Bucket namespaces are not necessarily static (although they usually are).
In AIS, namespace resolution itself _can_ be a runtime decision that'd entail distributing updated bucket metadata - typically a split-second operation.


## Dynamic Binding

Separately from namespace, AIS allows a logical bucket to be bound to another bucket as its backing data source.

> Note: dynamic binding is **not** request forwarding or caching. It specifies where a dataset **physically resides and how it is accessed remotely**.

A logical bucket (e.g., `ais://my-training-data`) may source its contents from:

* an on-prem S3-compatible system,
* a public cloud bucket,
* a regional replica,
* or a derived dataset produced by a processing pipeline.
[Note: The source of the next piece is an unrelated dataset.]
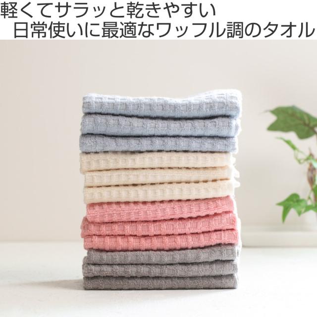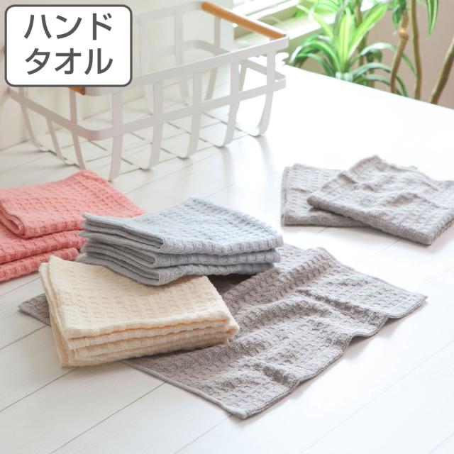 ハンドタオル 32×34cm ふんわりPLUS 無撚糸 ( タオル タオルハンカチ 手拭き 手洗い ワッフル調 綿100 3枚 デイリータオル 洗面タオル 吸水 お手拭き シンプル 無地 おしゃれ )
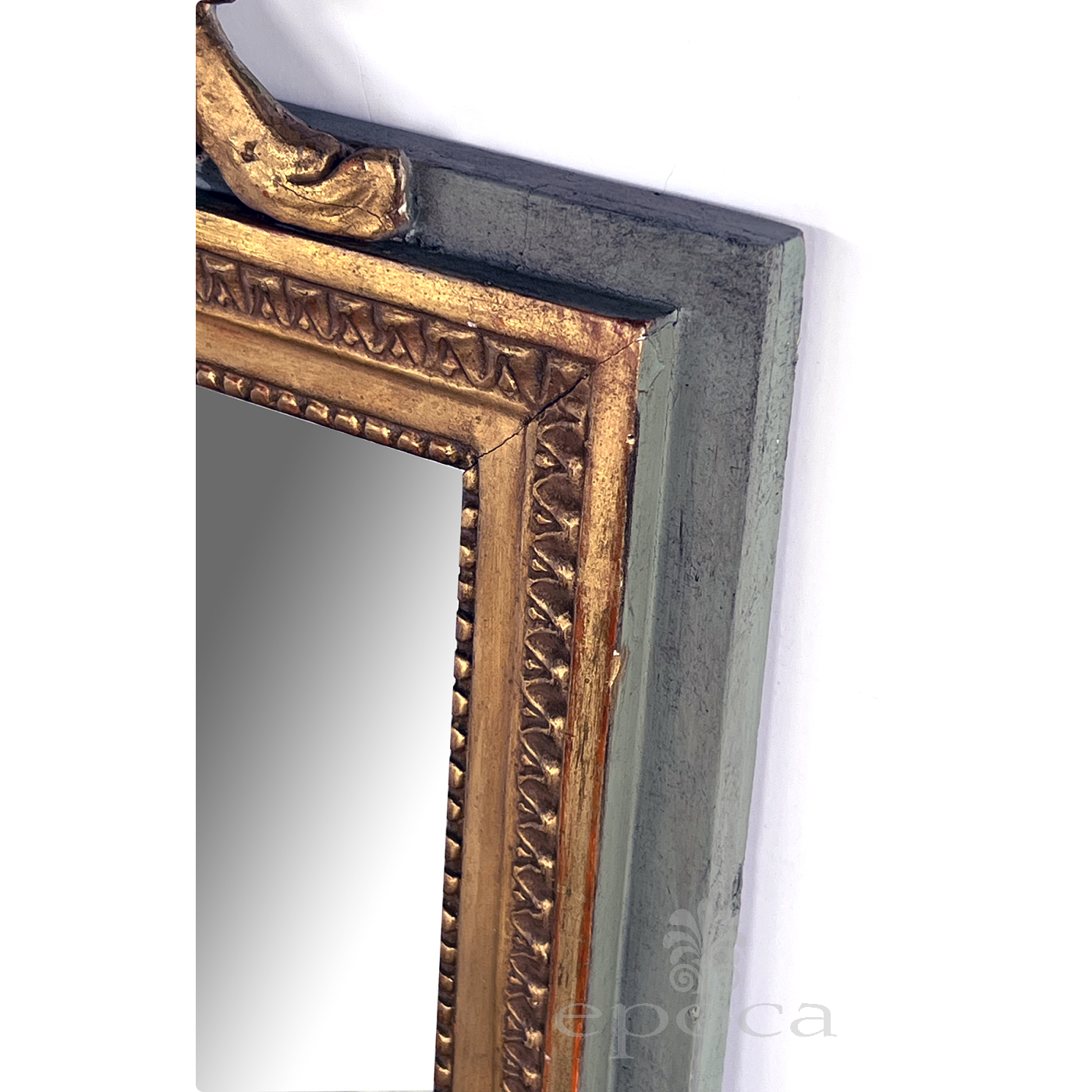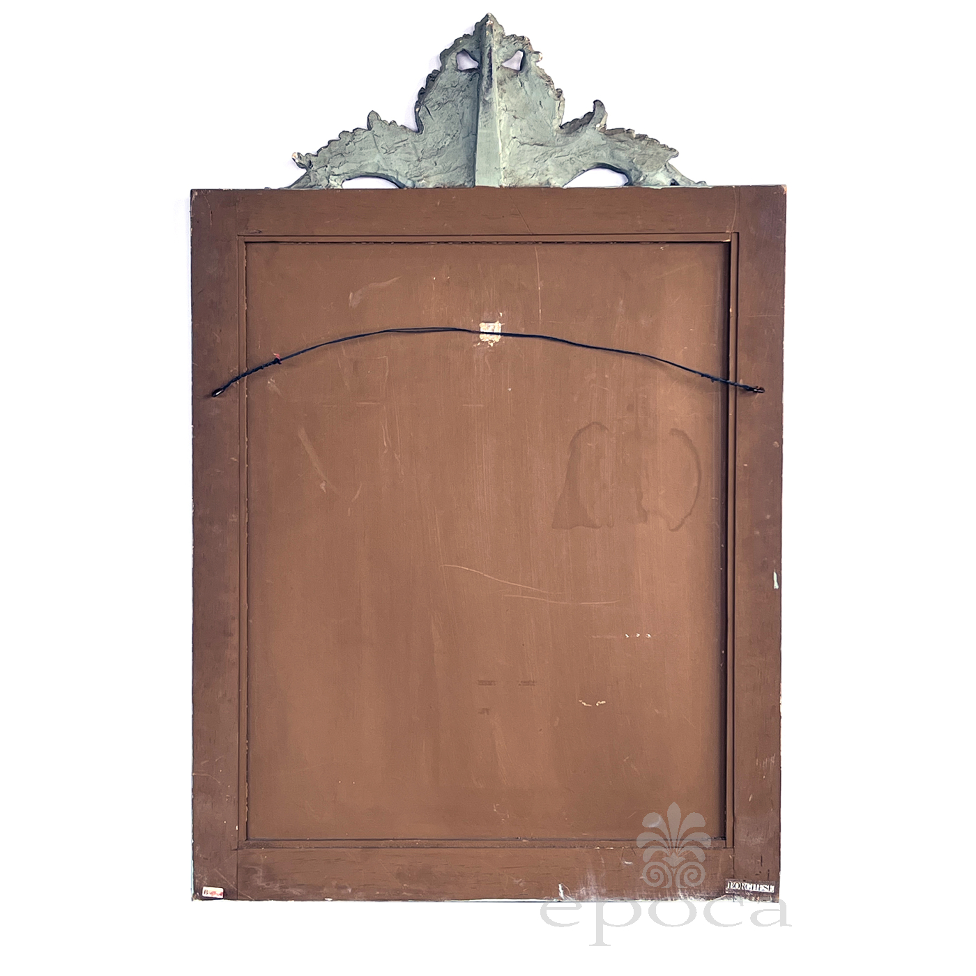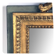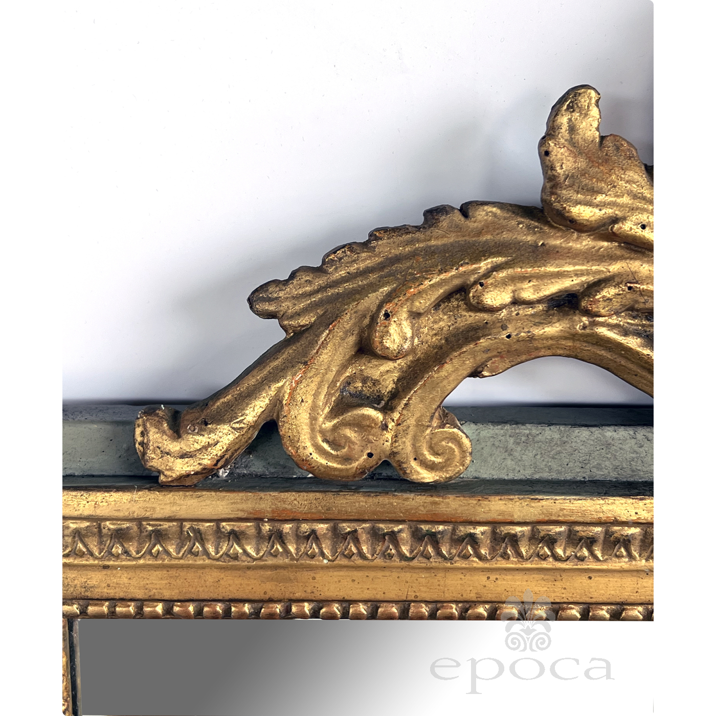 the rectangular mirror plate within a classically-inspired giltwood frame with beaded slip and leaf band outer edge all framed by an aqua painted border; the whole surmounted by a lively carved crest centering a foliate medallion flanked by scrolled acanthus leaves; with paper 'Borghese' label adhered to back; professionally refreshed surface with overall even wear and patina; some loss to silvering

Consider two related datasets:

* Original: raw images, audio, or video with minimal labeling
* Processed: augmented, re-labeled, and reordered for efficient training

Both represent the same logical corpus. Training code references a single name: `ais://my-training-data`.
At runtime, the platform decides which backing data to bind:

* training --> processed dataset
* validation --> raw dataset
* debugging --> local copy (or a subset thereof)
* compliance --> immutable regional mirror

```text
          ┌─────────────────────────────────────────────┐
          │                Application                  │
          │            ais://my-training-data           │
          └───────────────────────┬─────────────────────┘
                                  │
          ┌───────────────────────┴─────────────────────┐
          │               Bucket Identity               │
          │   (provider + namespace + bucket name)      │
          └───────────────────────┬─────────────────────┘
                                  │
          ┌───────────────────────┴─────────────────────┐
          │               Backend Binding               │
          │                 (at runtime)                │
          └───────────────────────┬─────────────────────┘
                                  - (current binding)
          ┌──────────────┬────────┴─────┬───────────────┐
          │  SwiftStack  │    AWS S3    │     OCI       │
          │   s3://data  │   s3://data  │  s3://data    │
          └──────────────┴──────────────┴───────────────┘
```

## Recap

Bucket names are not identities.  
Dataset selection is a configuration and/or runtime decision, not an application concern.  
Infrastructure must absorb the complexity.  

## References

- [AIStore: scalable storage for AI applications](https://github.com/NVIDIA/aistore)
- [Bucket Properties](https://github.com/NVIDIA/aistore/blob/main/docs/bucket.md#bucket-properties)
- [Backend Providers](https://github.com/NVIDIA/aistore/blob/main/docs/providers.md)

PS. I've changed SwiftStack, OCI and AWS specifics in this post; the underlying problem and the solution - are real.